• _Exercise_: Show each line of the data below in which "mais" occurs.

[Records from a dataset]
·····
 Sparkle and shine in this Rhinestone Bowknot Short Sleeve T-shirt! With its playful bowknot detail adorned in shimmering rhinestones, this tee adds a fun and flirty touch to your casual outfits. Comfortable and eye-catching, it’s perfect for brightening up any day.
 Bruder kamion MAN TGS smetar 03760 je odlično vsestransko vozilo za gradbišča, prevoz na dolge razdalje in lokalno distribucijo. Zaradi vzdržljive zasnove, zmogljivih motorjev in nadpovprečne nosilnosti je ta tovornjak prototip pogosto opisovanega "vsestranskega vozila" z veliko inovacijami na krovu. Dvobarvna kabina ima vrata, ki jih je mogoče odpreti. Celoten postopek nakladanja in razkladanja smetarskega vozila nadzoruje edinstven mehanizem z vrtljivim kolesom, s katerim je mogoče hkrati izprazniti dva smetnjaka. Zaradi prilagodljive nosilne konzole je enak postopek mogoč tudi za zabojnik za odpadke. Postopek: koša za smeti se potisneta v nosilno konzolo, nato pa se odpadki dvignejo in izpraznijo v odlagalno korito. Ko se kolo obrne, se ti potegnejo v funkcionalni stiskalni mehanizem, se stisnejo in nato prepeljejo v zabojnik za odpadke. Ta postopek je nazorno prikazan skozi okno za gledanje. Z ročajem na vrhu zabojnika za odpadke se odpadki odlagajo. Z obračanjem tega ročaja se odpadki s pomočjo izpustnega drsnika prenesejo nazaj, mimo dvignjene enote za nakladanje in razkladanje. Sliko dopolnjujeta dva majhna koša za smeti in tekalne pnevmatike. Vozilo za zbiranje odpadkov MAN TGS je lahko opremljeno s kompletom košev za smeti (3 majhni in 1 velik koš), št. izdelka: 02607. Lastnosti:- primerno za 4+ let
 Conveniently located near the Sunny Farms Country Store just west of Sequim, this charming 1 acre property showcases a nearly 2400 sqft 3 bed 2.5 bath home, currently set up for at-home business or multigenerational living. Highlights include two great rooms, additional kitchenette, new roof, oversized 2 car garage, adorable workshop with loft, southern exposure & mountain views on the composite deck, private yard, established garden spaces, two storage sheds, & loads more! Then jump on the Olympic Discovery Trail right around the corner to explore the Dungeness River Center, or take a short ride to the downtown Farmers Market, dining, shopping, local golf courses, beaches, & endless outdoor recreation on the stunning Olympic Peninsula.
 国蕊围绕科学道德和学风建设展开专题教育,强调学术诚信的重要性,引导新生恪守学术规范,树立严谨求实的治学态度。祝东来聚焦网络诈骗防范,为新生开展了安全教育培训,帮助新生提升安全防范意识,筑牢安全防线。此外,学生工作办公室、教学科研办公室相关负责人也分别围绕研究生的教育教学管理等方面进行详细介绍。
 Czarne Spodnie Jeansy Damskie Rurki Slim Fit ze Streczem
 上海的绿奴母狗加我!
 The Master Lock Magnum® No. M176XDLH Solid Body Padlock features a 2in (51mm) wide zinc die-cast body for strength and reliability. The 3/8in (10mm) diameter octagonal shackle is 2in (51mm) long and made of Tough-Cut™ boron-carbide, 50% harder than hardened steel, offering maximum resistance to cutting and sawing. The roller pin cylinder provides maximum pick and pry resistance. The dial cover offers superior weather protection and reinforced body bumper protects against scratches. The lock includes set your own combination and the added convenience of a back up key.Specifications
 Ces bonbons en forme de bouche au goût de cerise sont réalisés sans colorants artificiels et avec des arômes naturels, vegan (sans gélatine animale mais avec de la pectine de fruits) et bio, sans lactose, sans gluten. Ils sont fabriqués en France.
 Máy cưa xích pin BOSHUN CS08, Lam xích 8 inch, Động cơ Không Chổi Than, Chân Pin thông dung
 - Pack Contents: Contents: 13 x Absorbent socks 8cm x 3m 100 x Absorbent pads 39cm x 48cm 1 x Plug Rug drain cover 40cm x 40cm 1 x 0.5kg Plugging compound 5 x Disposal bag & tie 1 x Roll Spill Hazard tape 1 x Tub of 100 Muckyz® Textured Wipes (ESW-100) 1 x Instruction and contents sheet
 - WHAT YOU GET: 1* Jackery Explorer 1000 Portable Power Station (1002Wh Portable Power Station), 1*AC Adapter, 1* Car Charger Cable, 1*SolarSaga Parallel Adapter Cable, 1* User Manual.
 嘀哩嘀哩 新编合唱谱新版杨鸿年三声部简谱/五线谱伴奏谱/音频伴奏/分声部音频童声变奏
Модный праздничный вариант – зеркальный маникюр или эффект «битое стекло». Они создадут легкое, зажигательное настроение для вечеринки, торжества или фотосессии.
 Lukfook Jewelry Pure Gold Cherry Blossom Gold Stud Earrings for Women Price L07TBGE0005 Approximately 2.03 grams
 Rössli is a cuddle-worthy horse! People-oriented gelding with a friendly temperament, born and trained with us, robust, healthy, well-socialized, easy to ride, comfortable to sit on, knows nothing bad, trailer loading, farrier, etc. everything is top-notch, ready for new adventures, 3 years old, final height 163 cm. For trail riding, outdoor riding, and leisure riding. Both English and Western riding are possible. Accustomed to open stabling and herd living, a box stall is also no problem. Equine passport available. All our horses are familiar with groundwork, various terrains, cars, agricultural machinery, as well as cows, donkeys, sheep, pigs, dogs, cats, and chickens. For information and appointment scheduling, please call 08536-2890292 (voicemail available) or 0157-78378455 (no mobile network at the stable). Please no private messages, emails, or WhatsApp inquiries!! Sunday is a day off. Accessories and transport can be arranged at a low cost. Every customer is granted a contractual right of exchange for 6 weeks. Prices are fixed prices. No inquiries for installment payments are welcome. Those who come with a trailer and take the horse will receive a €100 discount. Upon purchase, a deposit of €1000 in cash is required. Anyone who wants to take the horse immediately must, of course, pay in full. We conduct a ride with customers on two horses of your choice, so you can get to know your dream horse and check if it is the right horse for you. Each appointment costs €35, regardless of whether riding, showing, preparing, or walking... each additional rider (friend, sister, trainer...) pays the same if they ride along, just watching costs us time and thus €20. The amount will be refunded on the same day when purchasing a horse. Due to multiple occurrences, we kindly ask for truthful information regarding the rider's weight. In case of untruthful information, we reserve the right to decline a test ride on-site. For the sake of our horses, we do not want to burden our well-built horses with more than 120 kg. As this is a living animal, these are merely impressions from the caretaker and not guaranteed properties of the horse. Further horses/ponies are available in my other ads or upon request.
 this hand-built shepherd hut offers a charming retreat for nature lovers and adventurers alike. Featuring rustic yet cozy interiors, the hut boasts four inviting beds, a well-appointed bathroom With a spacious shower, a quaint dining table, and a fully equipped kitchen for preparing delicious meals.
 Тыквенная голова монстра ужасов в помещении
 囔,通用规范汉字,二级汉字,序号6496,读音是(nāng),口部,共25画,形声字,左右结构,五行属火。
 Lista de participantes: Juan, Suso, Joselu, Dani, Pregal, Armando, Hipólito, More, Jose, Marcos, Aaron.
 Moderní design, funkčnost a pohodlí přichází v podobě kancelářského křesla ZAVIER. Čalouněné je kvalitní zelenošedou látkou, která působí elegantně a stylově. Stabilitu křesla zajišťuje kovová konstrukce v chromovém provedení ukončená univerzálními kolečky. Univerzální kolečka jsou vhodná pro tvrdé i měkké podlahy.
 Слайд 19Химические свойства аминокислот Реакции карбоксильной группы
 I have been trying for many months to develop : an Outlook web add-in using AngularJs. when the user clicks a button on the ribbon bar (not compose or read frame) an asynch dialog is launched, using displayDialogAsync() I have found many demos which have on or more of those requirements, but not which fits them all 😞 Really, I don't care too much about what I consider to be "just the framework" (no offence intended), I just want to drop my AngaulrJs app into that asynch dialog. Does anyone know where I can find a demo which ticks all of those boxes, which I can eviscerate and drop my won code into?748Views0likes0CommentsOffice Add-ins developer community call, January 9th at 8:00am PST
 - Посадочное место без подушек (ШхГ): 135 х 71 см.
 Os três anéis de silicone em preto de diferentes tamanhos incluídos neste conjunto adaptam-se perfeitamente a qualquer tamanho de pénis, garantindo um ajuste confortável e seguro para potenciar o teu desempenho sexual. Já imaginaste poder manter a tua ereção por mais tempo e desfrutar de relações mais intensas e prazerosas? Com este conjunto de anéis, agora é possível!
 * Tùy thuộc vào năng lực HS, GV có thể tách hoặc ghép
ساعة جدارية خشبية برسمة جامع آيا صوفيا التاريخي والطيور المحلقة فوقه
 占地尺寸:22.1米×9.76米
·····
• _Solution_:
 Ces bonbons en forme de bouche au goût de cerise sont réalisés sans colorants artificiels et avec des arômes naturels, vegan (sans gélatine animale mais avec de la pectine de fruits) et bio, sans lactose, sans gluten. Ils sont fabriqués en France.
 Os três anéis de silicone em preto de diferentes tamanhos incluídos neste conjunto adaptam-se perfeitamente a qualquer tamanho de pénis, garantindo um ajuste confortável e seguro para potenciar o teu desempenho sexual. Já imaginaste poder manter a tua ereção por mais tempo e desfrutar de relações mais intensas e prazerosas? Com este conjunto de anéis, agora é possível!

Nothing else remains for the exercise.